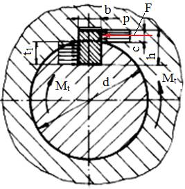 unde, Mt [Nmm] reprezintă momentul de torsiune care încarcă asamblarea, d [mm] – diametrul arborelui, h [mm] – înălţimea penei (se adoptă din Stas 1012, în funcţie de diametrul, d, al arborelui), D [mm] – lungimea de calcul a penei; c [mm] – lăţimea zonei de contact cu butucul; σas [MPa] – tensiuninea admisibilă la strivire a asamblării (fer. APP-M.1). Condiţia
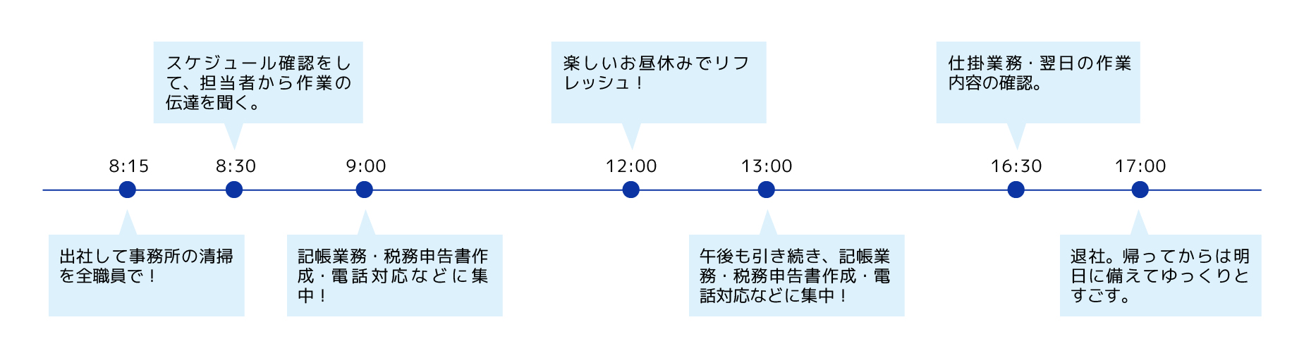 産休、育休の間の仕事の引継ぎなど事務所内のサポートはしっかりしています。頼れる心強い先輩や同僚がいますし、繁忙期には元職員の方が短期アルバイトに来てくださいます。
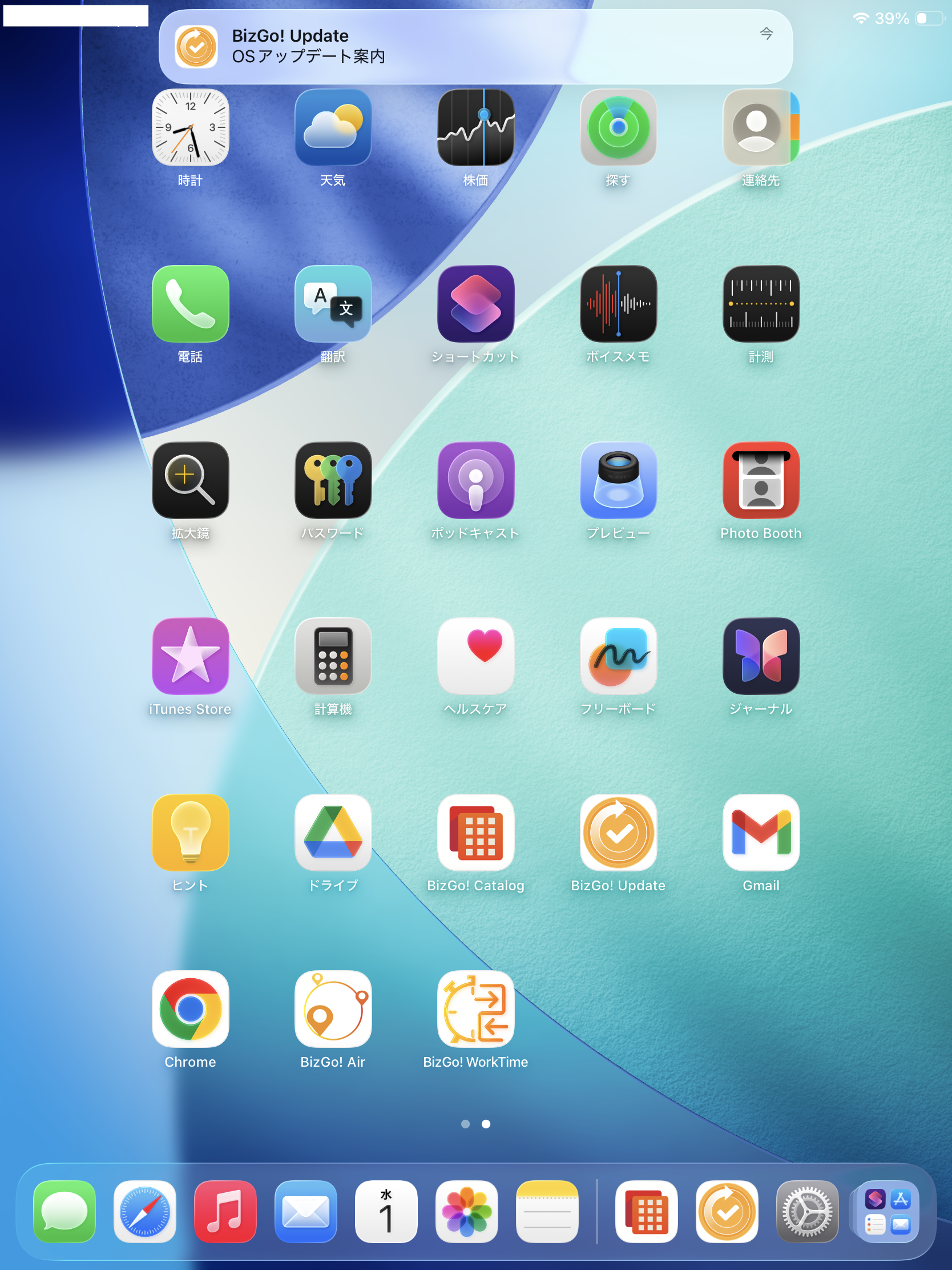 1. ホーム画面で「BizGo! Update」アプリを起動します

### TASK
In the answer, all of the material should appear exactly as given, with no picture carried over.

### SOLUTION TO THIS PROBLEM
 unde, Mt [Nmm] reprezintă momentul de torsiune care încarcă asamblarea, d [mm] – diametrul arborelui, h [mm] – înălţimea penei (se adoptă din Stas 1012, în funcţie de diametrul, d, al arborelui), D [mm] – lungimea de calcul a penei; c [mm] – lăţimea zonei de contact cu butucul; σas [MPa] – tensiuninea admisibilă la strivire a asamblării (fer. APP-M.1). Condiţia
 産休、育休の間の仕事の引継ぎなど事務所内のサポートはしっかりしています。頼れる心強い先輩や同僚がいますし、繁忙期には元職員の方が短期アルバイトに来てくださいます。
 1. ホーム画面で「BizGo! Update」アプリを起動します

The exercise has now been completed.